- [What you will do]
Beneath this task are records; print exactly the stretch of them from the line with "夜の淀川で、バイブレーション" through the line with "Women’s Rayon Collared", both ends included.
***** Data records
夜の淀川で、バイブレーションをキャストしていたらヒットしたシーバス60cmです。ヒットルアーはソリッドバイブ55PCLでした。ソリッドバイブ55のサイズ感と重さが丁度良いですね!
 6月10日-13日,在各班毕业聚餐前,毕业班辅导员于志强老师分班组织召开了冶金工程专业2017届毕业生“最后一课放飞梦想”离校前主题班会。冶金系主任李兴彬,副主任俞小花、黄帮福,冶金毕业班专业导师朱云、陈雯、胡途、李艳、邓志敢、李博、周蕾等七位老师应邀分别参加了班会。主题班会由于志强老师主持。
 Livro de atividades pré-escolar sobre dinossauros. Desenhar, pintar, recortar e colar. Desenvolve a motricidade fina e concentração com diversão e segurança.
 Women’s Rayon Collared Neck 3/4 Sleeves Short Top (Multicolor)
**********
***** Data records
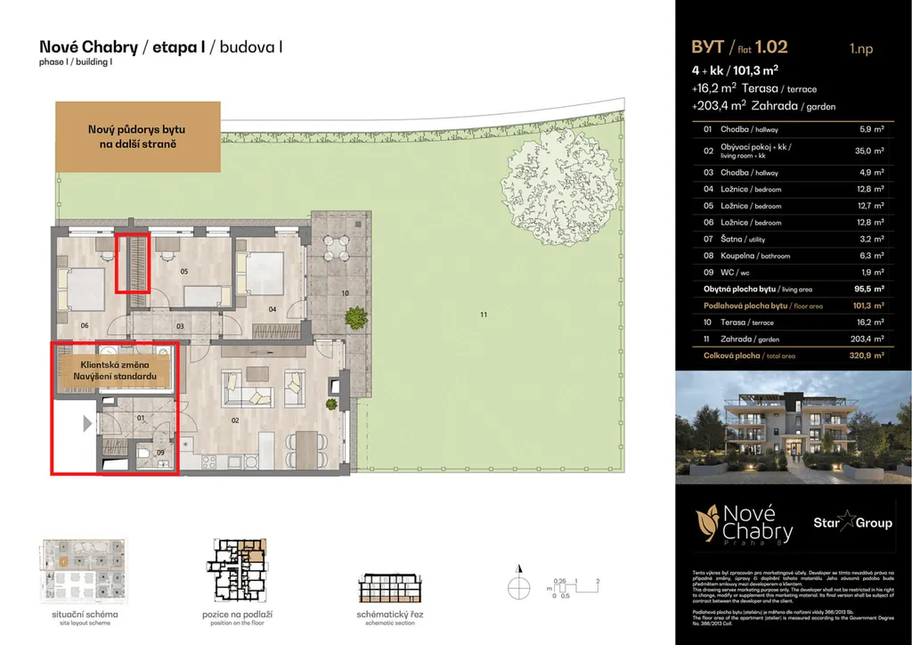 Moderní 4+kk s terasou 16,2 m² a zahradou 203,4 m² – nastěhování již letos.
**********
***** Data records
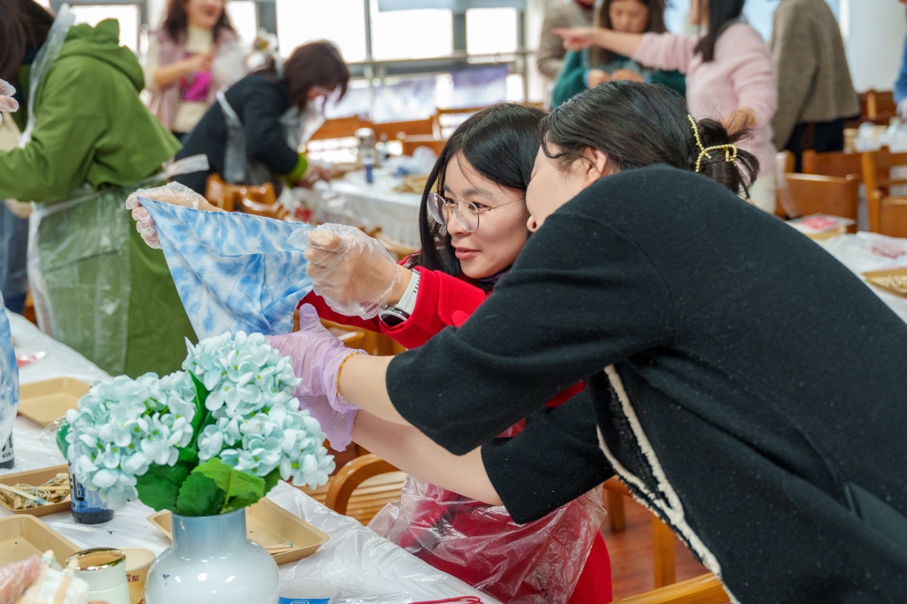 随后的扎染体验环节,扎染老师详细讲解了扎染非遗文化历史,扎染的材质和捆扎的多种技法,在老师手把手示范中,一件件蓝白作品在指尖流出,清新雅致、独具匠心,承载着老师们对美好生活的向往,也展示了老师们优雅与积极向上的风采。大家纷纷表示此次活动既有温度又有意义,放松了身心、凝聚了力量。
**********
- [Response to the exercise]
夜の淀川で、バイブレーションをキャストしていたらヒットしたシーバス60cmです。ヒットルアーはソリッドバイブ55PCLでした。ソリッドバイブ55のサイズ感と重さが丁度良いですね!
 6月10日-13日,在各班毕业聚餐前,毕业班辅导员于志强老师分班组织召开了冶金工程专业2017届毕业生“最后一课放飞梦想”离校前主题班会。冶金系主任李兴彬,副主任俞小花、黄帮福,冶金毕业班专业导师朱云、陈雯、胡途、李艳、邓志敢、李博、周蕾等七位老师应邀分别参加了班会。主题班会由于志强老师主持。
 Livro de atividades pré-escolar sobre dinossauros. Desenhar, pintar, recortar e colar. Desenvolve a motricidade fina e concentração com diversão e segurança.
 Women’s Rayon Collared Neck 3/4 Sleeves Short Top (Multicolor)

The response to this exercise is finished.